Input data:
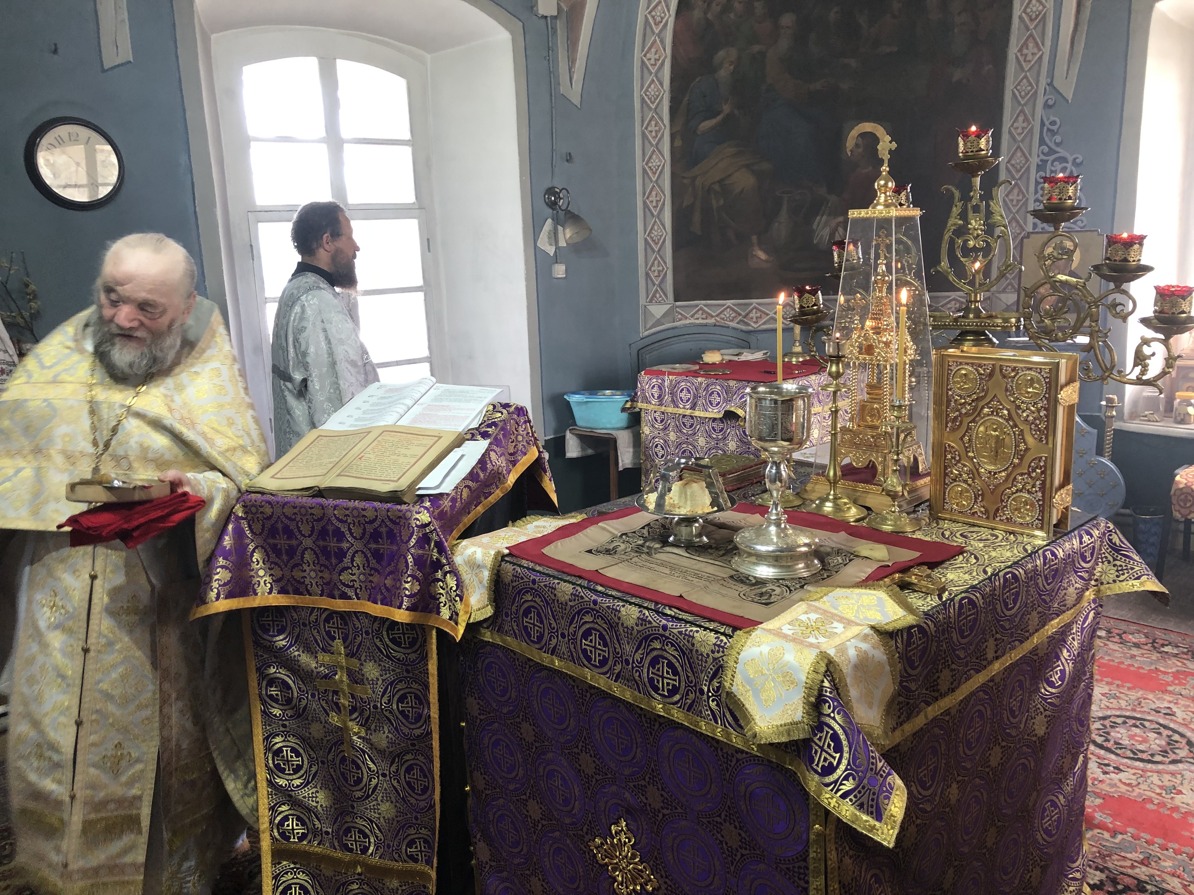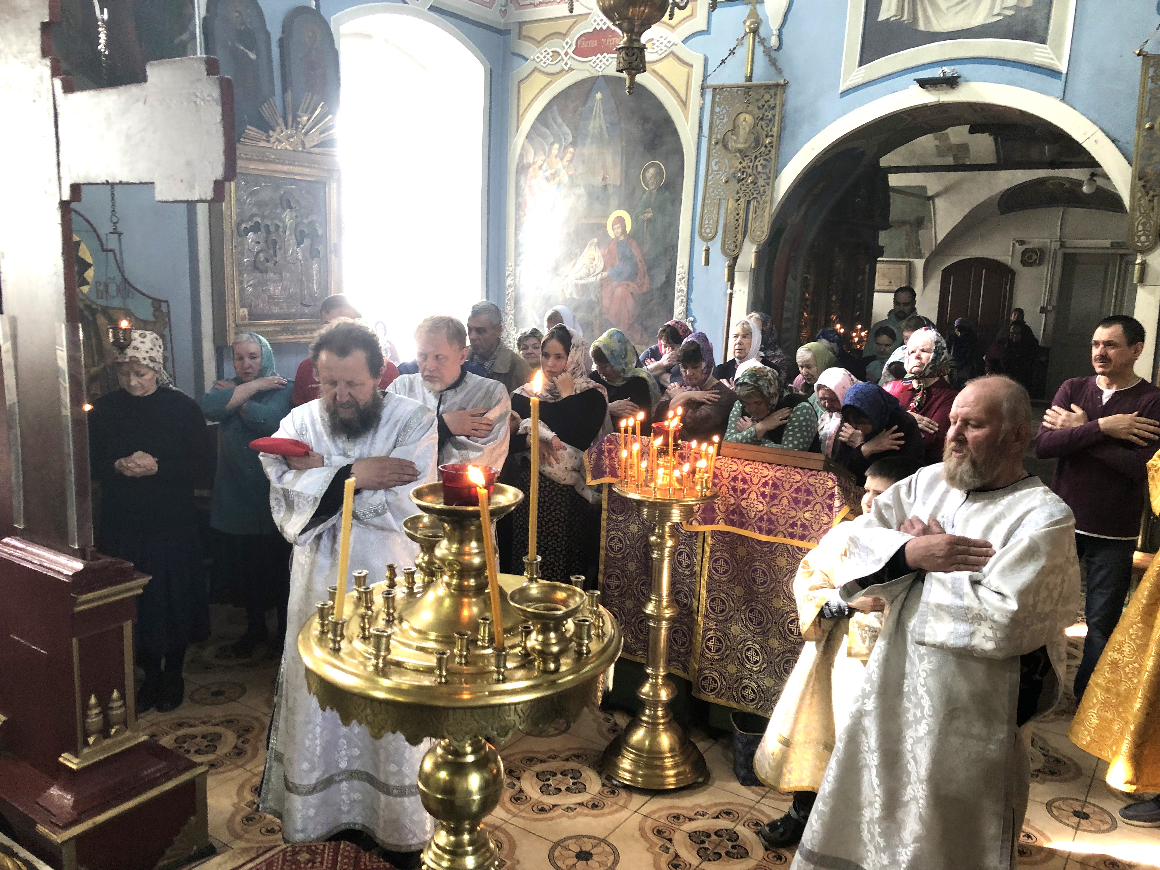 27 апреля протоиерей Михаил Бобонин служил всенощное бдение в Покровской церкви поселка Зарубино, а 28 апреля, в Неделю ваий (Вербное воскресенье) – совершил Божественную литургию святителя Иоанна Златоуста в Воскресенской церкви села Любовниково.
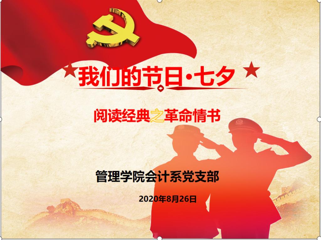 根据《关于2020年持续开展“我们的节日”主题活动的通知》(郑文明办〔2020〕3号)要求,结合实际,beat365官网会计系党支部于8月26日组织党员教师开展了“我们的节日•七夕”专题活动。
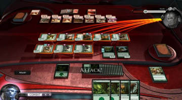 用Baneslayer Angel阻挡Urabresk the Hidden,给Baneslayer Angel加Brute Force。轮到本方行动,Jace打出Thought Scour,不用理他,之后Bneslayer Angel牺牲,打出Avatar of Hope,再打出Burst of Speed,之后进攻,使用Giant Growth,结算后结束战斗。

Instructions to follow: Transcribe the listing above in full. Pictures are not part of the copy.

Result for this task:
 27 апреля протоиерей Михаил Бобонин служил всенощное бдение в Покровской церкви поселка Зарубино, а 28 апреля, в Неделю ваий (Вербное воскресенье) – совершил Божественную литургию святителя Иоанна Златоуста в Воскресенской церкви села Любовниково.
 根据《关于2020年持续开展“我们的节日”主题活动的通知》(郑文明办〔2020〕3号)要求,结合实际,beat365官网会计系党支部于8月26日组织党员教师开展了“我们的节日•七夕”专题活动。
 用Baneslayer Angel阻挡Urabresk the Hidden,给Baneslayer Angel加Brute Force。轮到本方行动,Jace打出Thought Scour,不用理他,之后Bneslayer Angel牺牲,打出Avatar of Hope,再打出Burst of Speed,之后进攻,使用Giant Growth,结算后结束战斗。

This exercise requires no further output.